WASHINGTON, DC -
The Washington Redskins are one of the National Football League's most profitable franchises.
It's also one of the most controversial at the moment, because of it's name which some in the native american community consider a racial slur.
President Obama was asked about changing the name during an interview with the Associated Press.
"I've got to say if I were the owner of the team and I knew there was a name of my team, even if it had a storied history, that was offending a sizable group of people, I'd think about changing it,"the President said.
Team Attorney Lanny Davis says Obama's remarks aren't likely to sway owner Daniel Snyder one bit.

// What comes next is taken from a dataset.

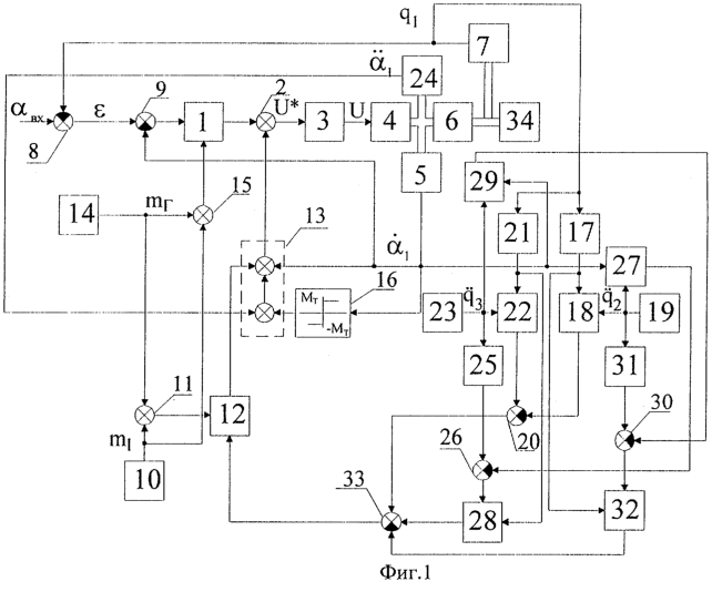 Первый (со стороны датчика 14) и второй положительные входы сумматора 15 имеют коэффициенты усиления соответственно, где JH – номинальное (желаемое) значение приведенного момента инерции, обеспечивающее приводу поворота заданные динамические свойства и качественные показатели. Причем на выходе задатчика 10 формируется сигнал, равный JS+JN+Jip 2+m1l2.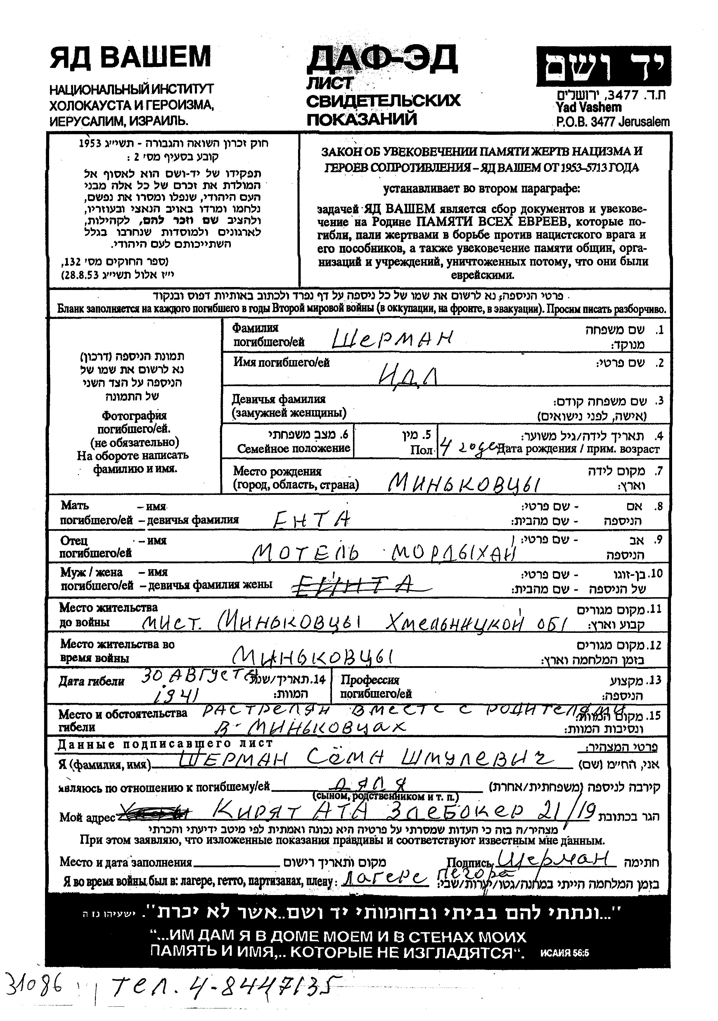 Sherman Idl Minkovitz, Ukraine (URSS) Feuille de témoignage

"This is about an 81 year old tradition and history, a legacy. A sports team we love. Redskins fans. Nine out of ten Native Americans when polled by the Annenberg Institute didn't want the team changed. Q: So you don't think Daniel Snyder will change his mind? I don't," Lanny Davis, Redskins Attorney.
But with support for a name change growing to now include the President, can Snyder continue to fight it?
" I happen to think the President should be focused on other things but I do agree it should be changed," Fan Stephen Wicker says.
"When you're talking about tribes who are being offended, its something to consider,"American University student Susan Klau says.
So now the stage is set for another showdown in Washington.
The NFL is holding its league meeting here on Monday.
The Oneida Indian Nation, which has launched a campaign to get the redskins name changed is planning a protest there.
" The use of such an offensive term has negative consequences for the native American community, when it comes to issues of self-identity and imagery, spokesman Ray Halbritter said in a statement. "We will continue to push our cause because this is about doing right by our children, who are especially impressionable."
A passionate plea, that has equally passionate Redskins fans softening a bit.
"I really love the Redskins. I love that name. I'm proud to be a Redskins fan, but if it's offending to a lot of people, maybe we ought to consider changing it,"Dave Clark says.
The NFL has said it is up to team owner Dan Snyder to decide on the name.
Commissioner Roger Goodell is on record saying "if one person is offended, we have to listen."